Variables allocated on stack

M

Markus Wichmann

So how do you call Pascal, Fortran, (or C++) etc from C on your platform? Do
you not need to tell it that that imported function is in a different
language?

Not here. Well, there's two possibilities: For one, my C compiler has a
nonstandard way of declaring a function with another calling convention,
for two my Pascal compiler has a de-facto standard way (i.e. Borland
does it the same way. ISO Pascal is next to unusable) of declaring a
function with another calling convention. OK, that is, my Pascal
compiler_s_. For Freepascal, I can either append "cdecl;" to a function
declaration/definition, or compile it with the commandline switch
"-Cccdecl", which I can also set in the config file, and for GNU Pascal,
cdecl is already the standard.
The platform interface should be language-independent. This is where a
binary interface becomes useful. (C has done a good job here in past, in
defining such interfaces, but there is often confusion; is 'long' 32-bits or
64-bits for example? gcc for Windows says 32, gcc for Linux says 64.)

The binary interface is necessary when multiple compilers come into
play. Those may even be two C compilers, or a C compiler and an
assembler. (As is needed for writing a C standard library, because most
OSes cannot call a C-style main function, so you need a wrapper to get
from the OS-specific entry point to main(). You also need assembly for
other stuff in there.)

Also (I cannot resist):

$ uname -m -o
x86_64 GNU/Linux
$ cat test.c
#include <stdio.h>

int main()
{
printf("%d\n", sizeof(long));
return 0;
}
$ gcc test.c && ./a.out
8
$ gcc -m32 test.c && ./a.out
4

The ABI also defines much of the stuff the C standard deliberately
excludes, like padding rules of structures (arrays in structures are
only padded as much as the array type is big, i.e. a "char a[3];"
receives no padding at all on AMD64/SysV)
But should a complex, register-based interface (I believe this might be for
x86-64) be also used as the standard when one C function calls another C
function in the same application?

The register-based interface of AMD64 is really not that much harder to
use than the register preservance rules of i386 were. You know, when a
function could only use three registers before having to set up a stack
frame. With AMD64 you could reserve the whole first register bank to
parameter passing and still have 8 registers left to do all of your
calculations. The result is that the calculations stay in the processor
without having to use the memory, which is nowadays a severe speedup.

CYA,
Markus
 
A

André Gillibert

Markus Wichmann said:
Yeah, that's right!

Only... every function not defined "static" may be called "from the
outside". Every call to a function only declared (and not qualified
"static") but not defined may be to a foreign function.
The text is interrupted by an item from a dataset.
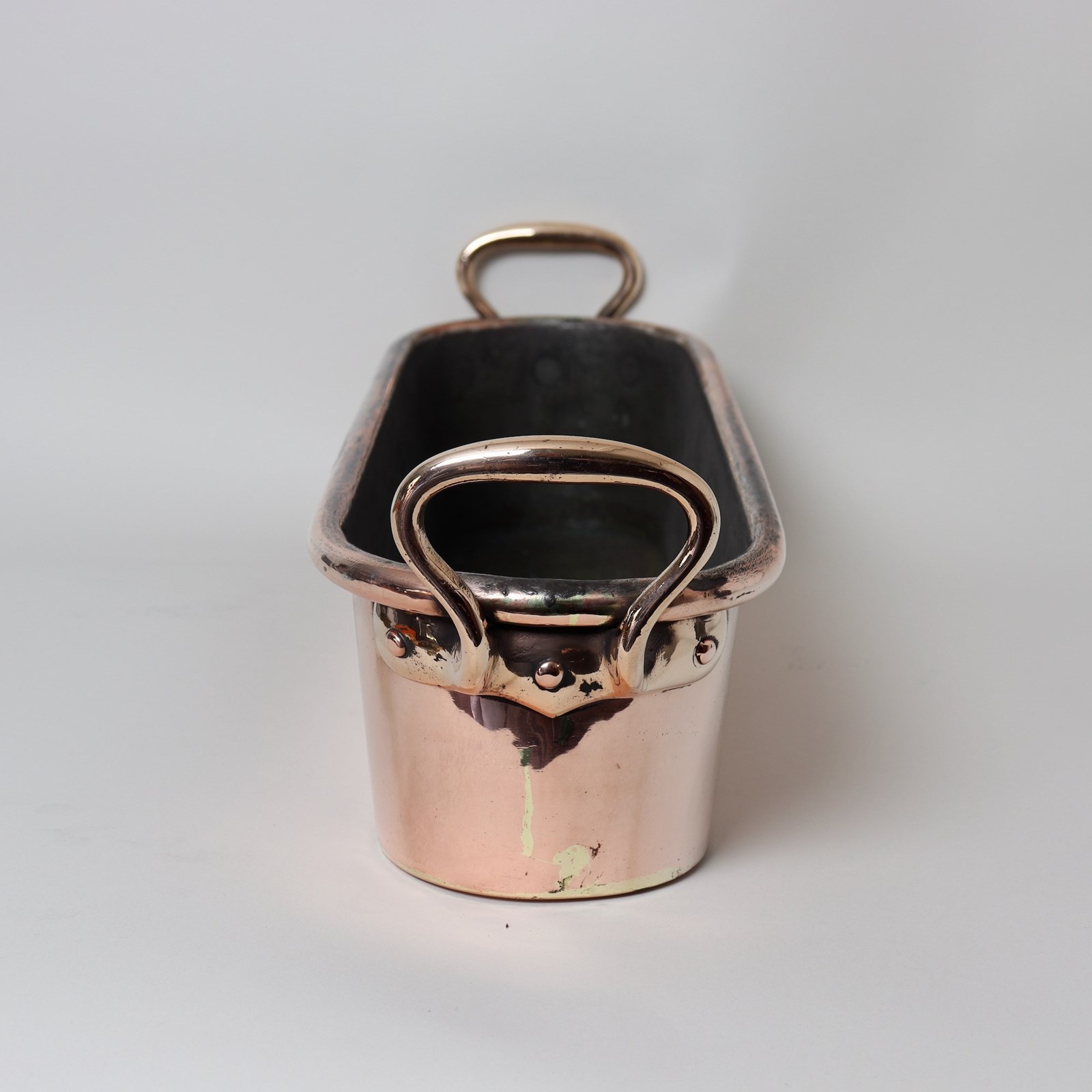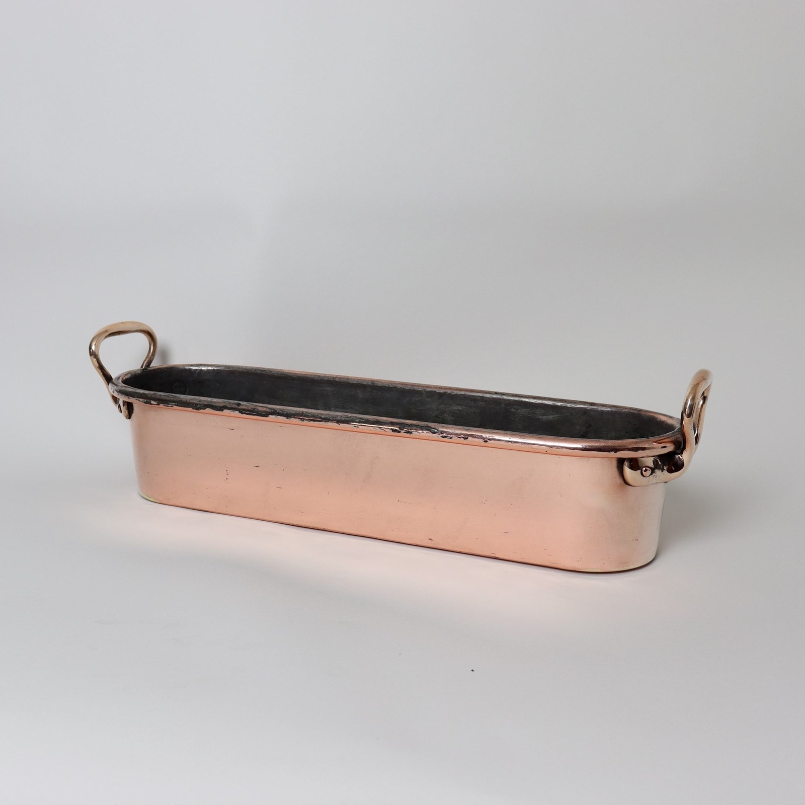 A fairly small, 19th century, French copper salmon kettle. This is made from a very heavy gauge of copper and it dates from c.1880. It has castellated seams around the base and up one end, a rolled rim, and the typical French style of brass handles to either end. It is in very good condition but the tinning, to the interior, is worn so it is no longer good for cooking in. However, this shape makes a super jardiniere for pots of herbs on a kitchen windowsill or for a flower display on a table.

Plus, when a "static" function pointer is passed around, either the
function must get the standard calling convention or a stub must be
written.

Or, an implementation that wants a non-standard calling convention may
use a non-standard keyword to differentiate internal functions that
must be called with the new calling convention from exported functions.
 
N

Nick Keighley

[...] Having implemented linux's calling
conventions where you have nothing less than 7 registers that
can receive parameters

I can'tbelieve Linux specifies there are 7 registers. How would it run
on a processor that didn't have 7 registers?
[...] those calls with embedded cals in the arguments
evaluation are a plain nightmare...

<snip>
 
J

jacob navia

Le 27/11/11 11:31, Nick Keighley a écrit :
[...] Having implemented linux's calling
conventions where you have nothing less than 7 registers that
can receive parameters

I can'tbelieve Linux specifies there are 7 registers. How would it run
on a processor that didn't have 7 registers?

I do not think it would run in a processor with less than 7 registers

:)

The 8086 already had 8 more than 30 years ago... But in your fantasy
world maybe, anything is possible there.

Most of linux users and software runs in the x86. Yes, there
is a power pc version (32 registers) and there is an ARM version
(16 registers) and there could be other versions that I do not
know about.
 
A

André Gillibert

Nick Keighley said:
[...] Having implemented linux's calling
conventions where you have nothing less than 7 registers that
can receive parameters

I can'tbelieve Linux specifies there are 7 registers. How would it run
on a processor that didn't have 7 registers?
[...] those calls with embedded cals in the arguments
evaluation are a plain nightmare...

Linux calling convention depends on the architecture. I guess Mr navia
is refering to the x86_64 calling convention.
 
J

jacob navia

Le 27/11/11 13:44, André Gillibert a écrit :
Nick Keighley said:
[...] Having implemented linux's calling
conventions where you have nothing less than 7 registers that
can receive parameters

I can'tbelieve Linux specifies there are 7 registers. How would it run
on a processor that didn't have 7 registers?
[...] those calls with embedded cals in the arguments
evaluation are a plain nightmare...

Linux calling convention depends on the architecture. I guess Mr navia
is refering to the x86_64 calling convention.
In the Power PC you use register windows, and as far as I remember
there are more than 7 rfegisters in a window.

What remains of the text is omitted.